What happens in Cuba when Castro dies is in no way predictable. The nation’s economy is closely tied into an economic coalition with Venezuela and China. In addition to Cuba’s important supplies of nickel, used in the manufacture of various types of specialty steels, there are solid signs of an oil field off the island’s north coast. If so, energy independence could be in sight. (In fact, the Caribbean is becoming something of an energy trove. Trinidad is the center of a major gas field which currently is providing gas for LNG shipments to the east coast of the U.S. where the demand for gas is steadily increasing.)

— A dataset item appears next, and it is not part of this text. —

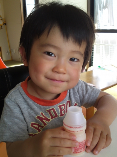お昼寝後のヤクルトにご満悦の息子くんやんちゃでいたずらばかりなのに、ママはこの笑顔にメロメロなんです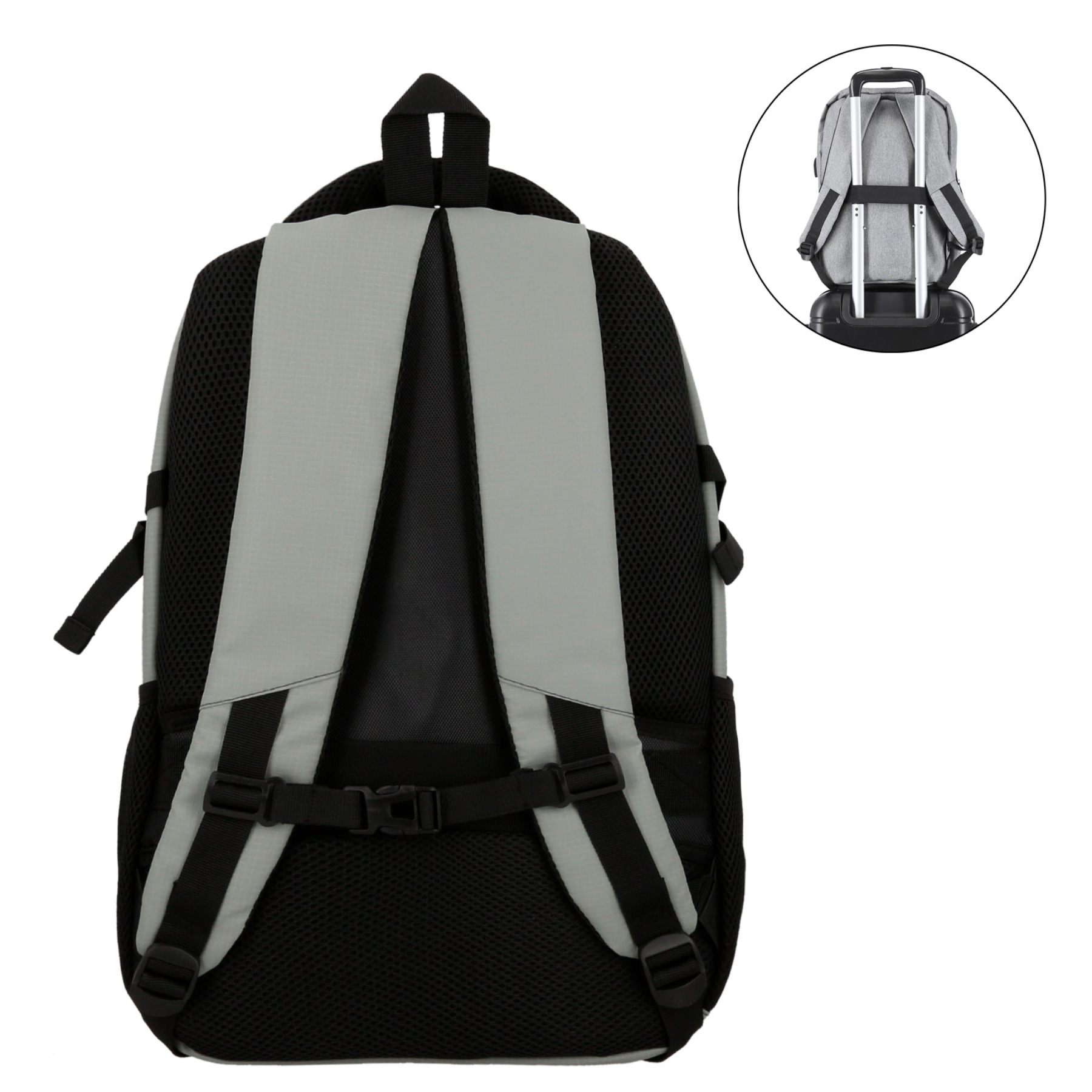 MOCHILA DE 1 COMPARTIMENTO PRINCIPAL CON PORTA LAPTOP, 1 COMPARTIMENTO SECUNDARIO CON ORGANIZADOR, 2 BOLSAS FRONTALES CON CIERRE, 2 BOLSAS LATERALES, RESPALDO ACOLCHADO, TIRANTES CON BROCHE, CARRY ON Y ASA SUPERIOR

If the Democrats control the Congress — and with South Dakota Senator Tim Johnson’s sudden illness this is no longer assured — U.S. policy toward Cuba is not likely to change much. In all likelihood it will continue along the same lines it has since 1959, when Secretary of State Christian Herter declared “economic warfare” on Cuba, cutting off the sugar trade and its fuel supply. As Ricardo Alarcon, Cuba’s vice president, recently put it in Counterpunch, the idea has been “to bring about hunger, misery and desperation among the people of Cuba.”

A State Department analysis in April 1960 said that since “the majority of Cubans support Castro, the only foreseeable means of alienating internal support is through disenchantment and disaffection based on economic dissatisfaction and hardship.” To weaken the economic life of Cuba there was a need to take a “positive position which would call forth a line of action while as adroit and inconspicuous as possible makes the greatest inroads in denying money and supplies to Cuba, to decrease monetary and real wages, to bring about hunger, desperation and overthrow of government.”

The policy didn’t work. After 46 years of ceaseless machinations to kill or topple Castro, the U.S. has gotten nowhere. In 2004, the Bush administration’s Commission for Assistance to a Free Cuba put out a report that insisted the Castro government was about to collapse, after which a U.S. transition team could effect an occupation and remake the place in the democratic image of the U.S. — just like in Iraq.

However, as Wayne Smith, a former U.S. diplomat who served in Cuba and who has extensive knowledge of U.S.-Cuban relations, noted, instead of collapsing, the Cuban economy “has shown strong signs of reinvigoration. Even the CIA gives it a growth rate of 8 percent.”